▸ **What is required**
From the first line to the last, set down the material exactly, leaving out its pictures.

▸ **Material to process**
:::::

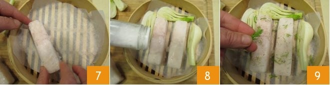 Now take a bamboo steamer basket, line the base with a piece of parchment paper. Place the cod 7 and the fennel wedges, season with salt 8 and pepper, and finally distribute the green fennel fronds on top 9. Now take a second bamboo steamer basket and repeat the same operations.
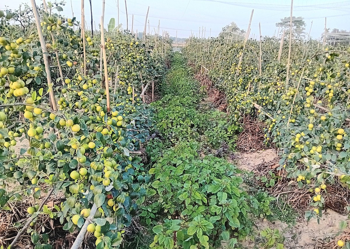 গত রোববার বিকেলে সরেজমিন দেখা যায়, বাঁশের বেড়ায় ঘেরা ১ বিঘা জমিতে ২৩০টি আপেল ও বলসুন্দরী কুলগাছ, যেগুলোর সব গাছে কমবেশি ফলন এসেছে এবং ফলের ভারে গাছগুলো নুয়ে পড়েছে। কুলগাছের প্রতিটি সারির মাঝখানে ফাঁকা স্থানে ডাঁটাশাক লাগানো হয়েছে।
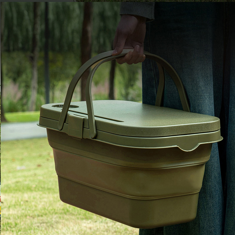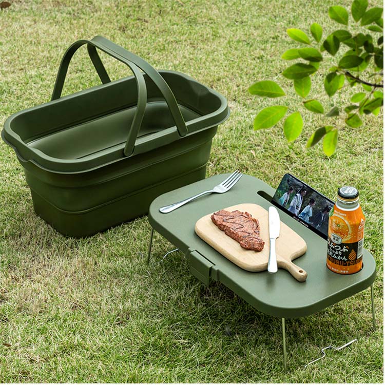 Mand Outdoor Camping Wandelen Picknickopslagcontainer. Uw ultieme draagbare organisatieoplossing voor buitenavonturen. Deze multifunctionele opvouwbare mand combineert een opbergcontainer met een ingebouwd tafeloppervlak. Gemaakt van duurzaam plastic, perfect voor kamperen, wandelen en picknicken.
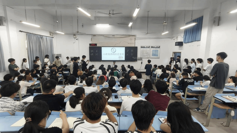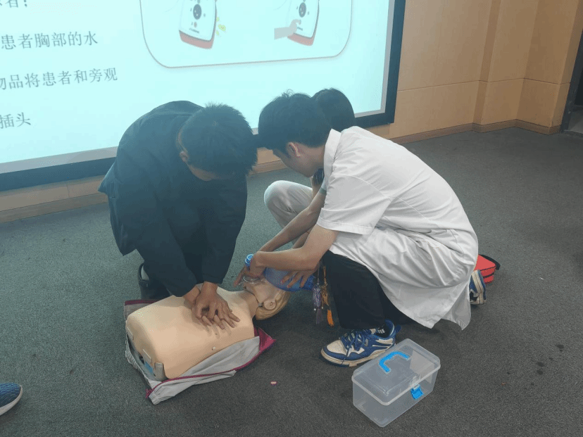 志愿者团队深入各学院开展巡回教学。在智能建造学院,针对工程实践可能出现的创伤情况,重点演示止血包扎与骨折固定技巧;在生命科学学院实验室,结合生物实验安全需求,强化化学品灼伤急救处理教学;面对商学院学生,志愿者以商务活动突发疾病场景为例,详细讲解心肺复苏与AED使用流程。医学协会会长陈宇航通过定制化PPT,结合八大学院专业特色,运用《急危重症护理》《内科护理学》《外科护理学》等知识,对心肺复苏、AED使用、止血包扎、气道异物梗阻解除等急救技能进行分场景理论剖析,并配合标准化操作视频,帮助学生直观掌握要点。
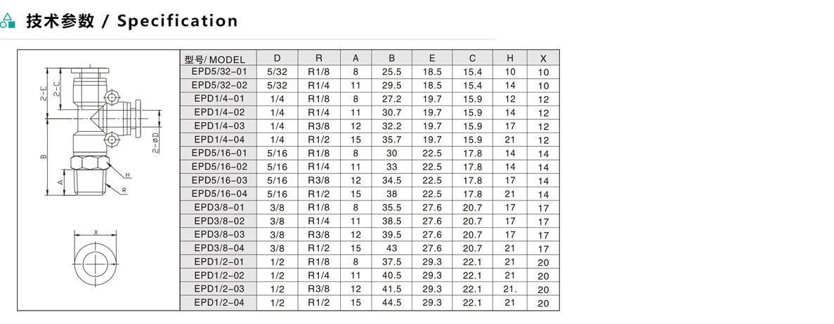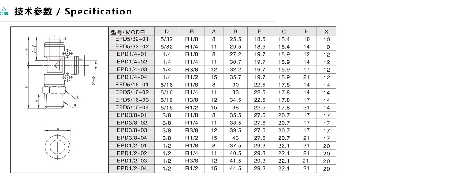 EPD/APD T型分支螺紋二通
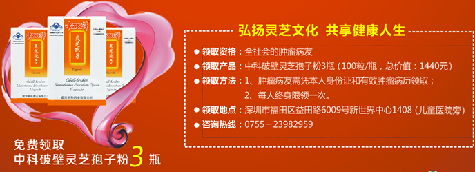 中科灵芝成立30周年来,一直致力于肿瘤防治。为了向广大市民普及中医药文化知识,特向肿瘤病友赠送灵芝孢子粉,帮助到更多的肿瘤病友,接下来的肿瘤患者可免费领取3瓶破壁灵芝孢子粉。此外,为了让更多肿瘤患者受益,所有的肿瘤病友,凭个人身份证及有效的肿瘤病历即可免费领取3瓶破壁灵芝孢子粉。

:::::

▸ **Answer for this exercise**
 Now take a bamboo steamer basket, line the base with a piece of parchment paper. Place the cod 7 and the fennel wedges, season with salt 8 and pepper, and finally distribute the green fennel fronds on top 9. Now take a second bamboo steamer basket and repeat the same operations.
 গত রোববার বিকেলে সরেজমিন দেখা যায়, বাঁশের বেড়ায় ঘেরা ১ বিঘা জমিতে ২৩০টি আপেল ও বলসুন্দরী কুলগাছ, যেগুলোর সব গাছে কমবেশি ফলন এসেছে এবং ফলের ভারে গাছগুলো নুয়ে পড়েছে। কুলগাছের প্রতিটি সারির মাঝখানে ফাঁকা স্থানে ডাঁটাশাক লাগানো হয়েছে।
 Mand Outdoor Camping Wandelen Picknickopslagcontainer. Uw ultieme draagbare organisatieoplossing voor buitenavonturen. Deze multifunctionele opvouwbare mand combineert een opbergcontainer met een ingebouwd tafeloppervlak. Gemaakt van duurzaam plastic, perfect voor kamperen, wandelen en picknicken.
 志愿者团队深入各学院开展巡回教学。在智能建造学院,针对工程实践可能出现的创伤情况,重点演示止血包扎与骨折固定技巧;在生命科学学院实验室,结合生物实验安全需求,强化化学品灼伤急救处理教学;面对商学院学生,志愿者以商务活动突发疾病场景为例,详细讲解心肺复苏与AED使用流程。医学协会会长陈宇航通过定制化PPT,结合八大学院专业特色,运用《急危重症护理》《内科护理学》《外科护理学》等知识,对心肺复苏、AED使用、止血包扎、气道异物梗阻解除等急救技能进行分场景理论剖析,并配合标准化操作视频,帮助学生直观掌握要点。
 EPD/APD T型分支螺紋二通
 中科灵芝成立30周年来,一直致力于肿瘤防治。为了向广大市民普及中医药文化知识,特向肿瘤病友赠送灵芝孢子粉,帮助到更多的肿瘤病友,接下来的肿瘤患者可免费领取3瓶破壁灵芝孢子粉。此外,为了让更多肿瘤患者受益,所有的肿瘤病友,凭个人身份证及有效的肿瘤病历即可免费领取3瓶破壁灵芝孢子粉。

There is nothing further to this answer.